*** Listed entries

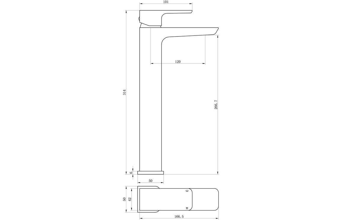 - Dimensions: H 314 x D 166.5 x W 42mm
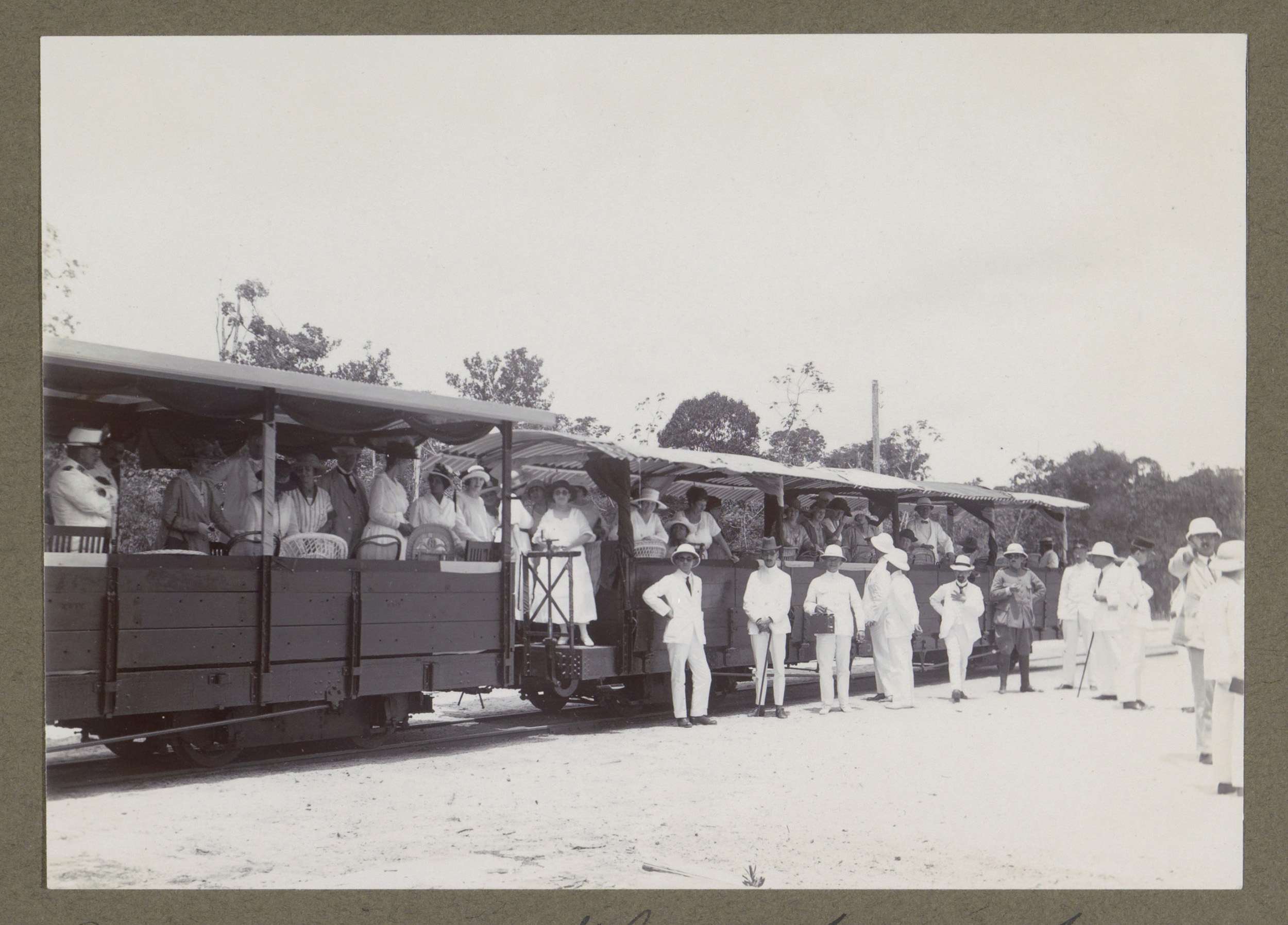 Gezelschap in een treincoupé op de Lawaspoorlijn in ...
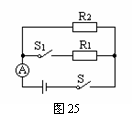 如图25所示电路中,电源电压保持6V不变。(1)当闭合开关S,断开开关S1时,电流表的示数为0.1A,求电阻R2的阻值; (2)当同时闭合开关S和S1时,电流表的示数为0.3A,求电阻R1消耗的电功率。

******
*** Listed entries

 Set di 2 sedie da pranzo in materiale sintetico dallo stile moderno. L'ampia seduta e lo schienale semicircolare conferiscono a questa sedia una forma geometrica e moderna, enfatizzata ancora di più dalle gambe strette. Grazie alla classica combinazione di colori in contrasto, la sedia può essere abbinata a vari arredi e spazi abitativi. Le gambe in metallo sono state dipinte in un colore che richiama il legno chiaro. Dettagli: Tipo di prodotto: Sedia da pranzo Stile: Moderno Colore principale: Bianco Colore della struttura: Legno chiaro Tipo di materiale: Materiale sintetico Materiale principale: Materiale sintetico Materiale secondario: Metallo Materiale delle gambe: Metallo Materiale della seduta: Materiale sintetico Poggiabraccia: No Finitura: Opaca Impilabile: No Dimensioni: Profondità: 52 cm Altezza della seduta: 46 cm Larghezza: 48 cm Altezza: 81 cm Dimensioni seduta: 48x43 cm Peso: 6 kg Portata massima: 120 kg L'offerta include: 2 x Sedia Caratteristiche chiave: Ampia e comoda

******

- **What is required**: For this exercise, please set down exactly the lines of the listing above from the line with "- Dimensions: H 314 x D 166.5 x W 42mm" up to and including the line with "如图25所示电路中,电源电压", and no pictures.

- **Worked solution**:
 - Dimensions: H 314 x D 166.5 x W 42mm
 Gezelschap in een treincoupé op de Lawaspoorlijn in ...
 如图25所示电路中,电源电压保持6V不变。(1)当闭合开关S,断开开关S1时,电流表的示数为0.1A,求电阻R2的阻值; (2)当同时闭合开关S和S1时,电流表的示数为0.3A,求电阻R1消耗的电功率。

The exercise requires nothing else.